Part of this mass production means that the quality of special effects work and other aspects of filmmaking are having to be rushed in order to meet deadlines. Less practical effects are being used in favor of quick computer-generated images. These include everything from explosions and laser beams to some vehicles and backgrounds (especially on alien worlds). In recent years an over-reliance on CGI effects has been felt by some. But the turnaround time is proving to leave a poor taste in the mouth of several fans.

“I think the biggest issue with modern day superhero films or modern-day epic blockbuster movies is their reliance on CGI to tell the most important aspects of a story,” said Tom Brubaker, another digital media and film studies student at the Community College of Baltimore County. “In the ‘89 Batman film it was an epic moment of him putting on an actual outfit and getting dressed up in these actual sets and an actual world versus any Marvel movie, where their suits go from the early 2008 actual practical effect scenes like in ‘Iron Man’ to this nano technology. We're not in suits until we press a little button on our chest and all of a sudden, the CGI suit pops out of nowhere and we're wearing it and essentially that actor, even though they're on set for it, they're literally not in the film because it's a CG character, and the actor may or may not have been on set, but it's not real. And I think the lack of practicality in the superhero films really makes the CGI stand out as how poor it is done.”

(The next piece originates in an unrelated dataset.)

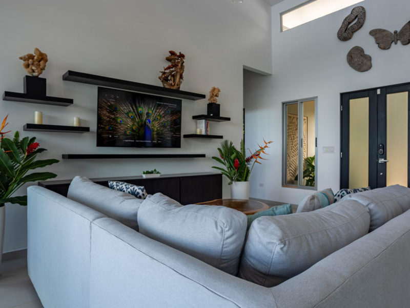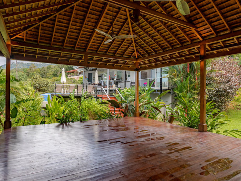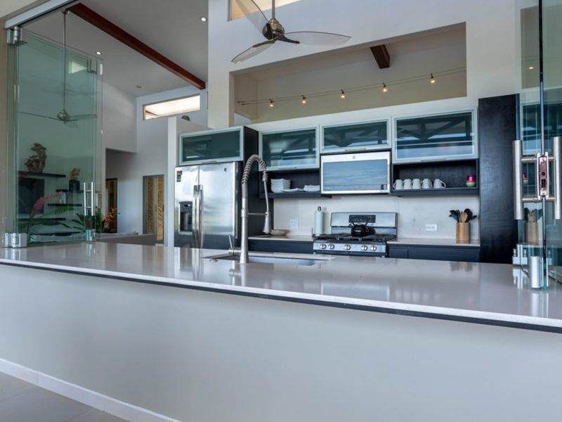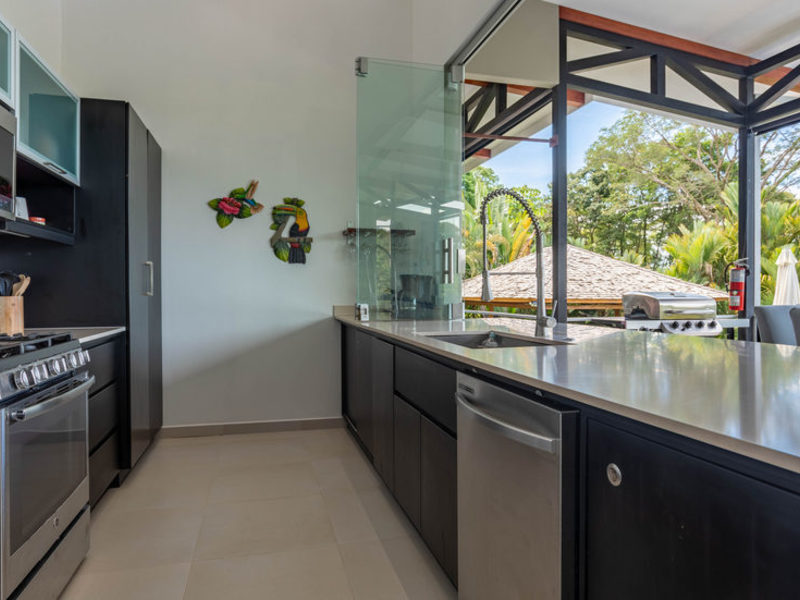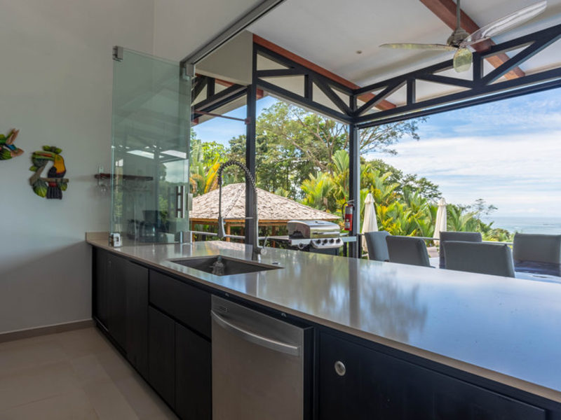 This new contemporary, Bali-style luxury home overlooks the South Pacific Ocean with breathtaking whitewater ocean, tropical rainforest, and sunset views. Completed in October 2017, this elegant residence is furnished with unique pieces from both local and international artisans chosen to bring serenity, relaxation, and inspiration. The large covered outdoor living and dining spaces seamlessly flow into the gourmet kitchen and indoor living area, all with breathtaking views, to create a light, airy, and peaceful space where you can see and hear the sounds of the ocean and jungle from all vantage points. Modern conveniences include Wi-Fi throughout the home and cable TV. The fully equipped gourmet kitchen comes complete with an automatic espresso/cappuccino/latte machine for the coffee connoisseur.

Despite lower box office performances and the opinions of their critics, the movies of the superhero genre still have their fans. In 2022, Warner Brothers announced the creation of a new studio devoted solely to production of films based on DC Comics, including characters like Superman, Batman, and Wonder Woman. While movies about these characters have been made before, it had been done without a guiding hand to oversee the longevity of the success of the characters. Hopefully, Marvel Studios and the new DC Studios will be able to recognize the feedback from their audiences and make the necessary changes to keep the legacies of their properties alive.

"Just because someone stumbles and loses their path, doesn't mean they're lost forever."